Organoids that accurately and consistently recreate specific brain structures are vital in studying disorders like schizophrenia and autism, in which the brains of those affected appear identical to neurotypical brains yet vary greatly in function.

To produce mini brain organoids, scientists reprogram human skin or blood cells to become induced pluripotent stem (iPS) cells, which they then direct to create neural stem cells that can aggregate into organoids.
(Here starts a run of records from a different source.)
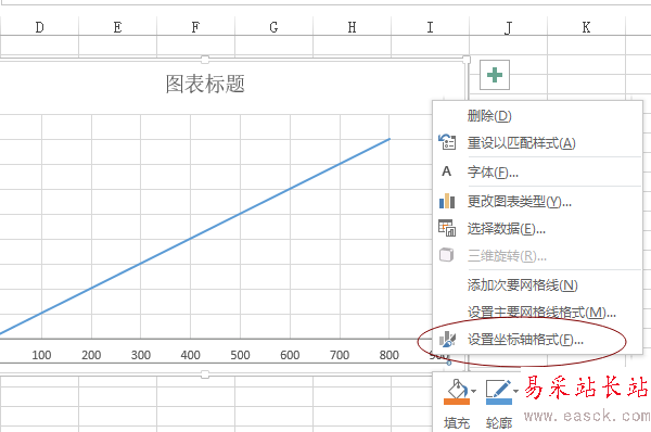 2、插入圖標后,選擇橫坐標的坐標值,然后點擊鼠標右鍵,點擊“設置坐標軸格式”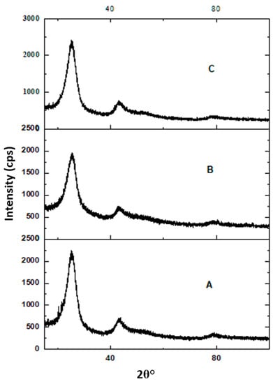 - Girgis, B.S.; Temerk, Y.M.; Gadelrab, M.M.; Abdullah, I.D. X-ray diffraction patterns of activated carbons prepared under various conditions. Carbon Lett. 2007, 8, 95–100. [Google Scholar] [CrossRef]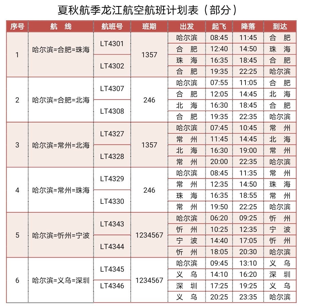 哈爾濱—合肥—珠海航線航班號為LT4301/2,每周一、三、五、日執(zhí)行4班;哈爾濱—合肥—北海航線航班號為LT4307/8,每周二、四、六執(zhí)行3班;哈爾濱—常州—北海航線航班號為LT4327/8,每周一、三、五、日執(zhí)行4班;哈爾濱—常州—珠海航線航班號為LT4329/30,每周二、四、六執(zhí)行3班;哈爾濱—忻州—寧波航線航班號為LT4343/4,每天一班;哈爾濱—義烏—深圳航線航班號為LT4345/6,每天一班。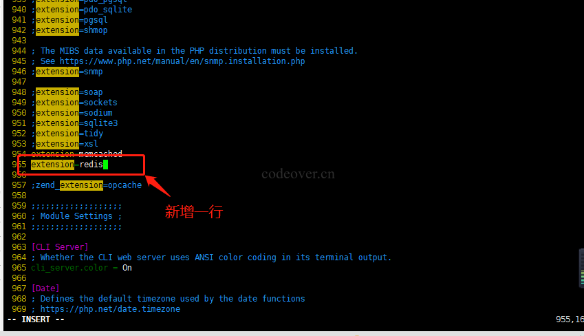 修改 php 安装目录下 etc/php.ini 文件中新增一行 extension=memcached ,如图所示: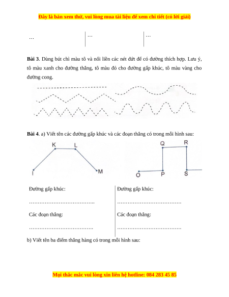 tô màu xanh cho đường thẳng, tô màu đỏ cho đường gấp khúc, tô màu vàng cho đường cong.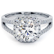 A halo split shank french cut diamond engagement ring set with 1.50ct dew Round Cut VVS & Colorless (D-E-F) Moissanite.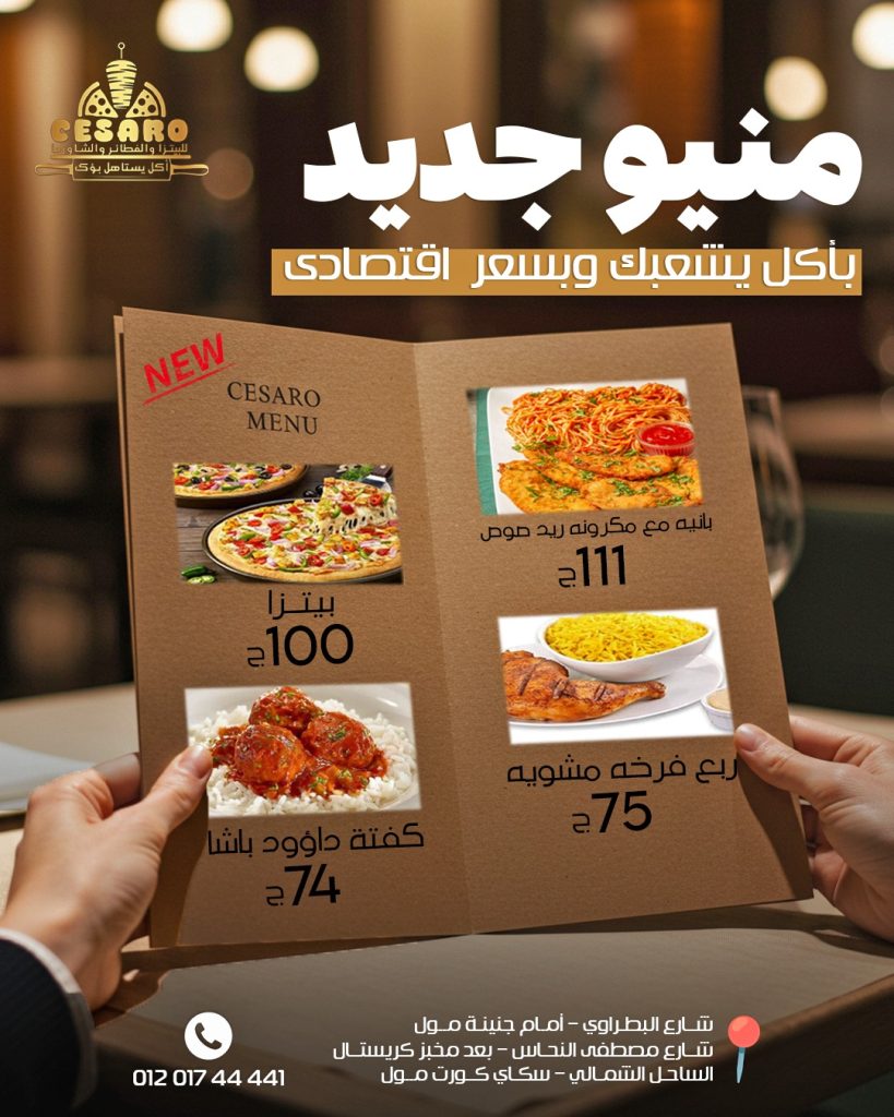 تقدم مطاعم سيزارو بفروعها الثلاثة مزيجا فريدا من الاطعمة المصرية المتمثلة في الفطير بكل أنواعه والاطعمة الشامية المتمثلة في الشاورما والبروست والاطعمة الايطالية المتمثلة في البيتزا الايطالية والامريكية وكذلك نقدم كافة المشويات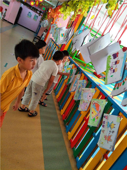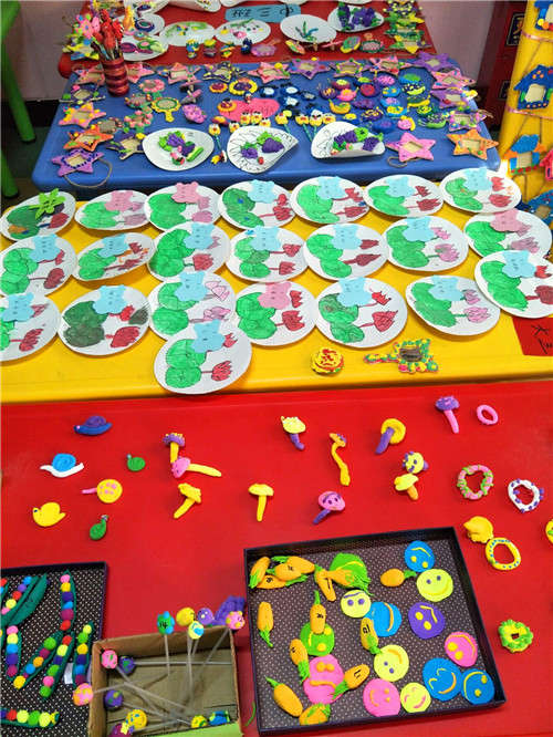 藝術節(jié)的作品形式多樣:有趣味彩泥、線描畫、蠟筆畫、水粉畫、創(chuàng)意美工作品等等。作品內容豐富,極富創(chuàng)意,展示了幼兒在本學期興趣班的成長與收獲。孩子最喜歡玩,喜歡游戲。通過生動形象的語言,以游戲的形式開展教學,把繪畫寓于游戲中,是幼兒園主要的教學方法。如在進行蠟筆畫教學中讓幼兒游戲的方式進行構圖,在涂色方面指導孩子學習了相似色、漸變色等多種涂色方法。創(chuàng)意粘土手工制作活動讓孩子們盡情發(fā)揮想象力,用五顏六色的黏土捏出自己所想要的形狀與造型。

The UCLA researchers discovered that younger stem cells resulted in higher quality organoids. Human stem cells grown in a dish with mouse skin cells preserved their immaturity, but also rendered the resulting organoids less suitable for therapies to replace damaged neural tissues.

As a result, the research team turned to RNA sequencing and computational analysis to pinpoint genetic differences between stem cells that produce good organoids and those that don't. They identified four molecules that, when added to stem cells, kept them in an immature state, enabling them to produce high-quality organoids.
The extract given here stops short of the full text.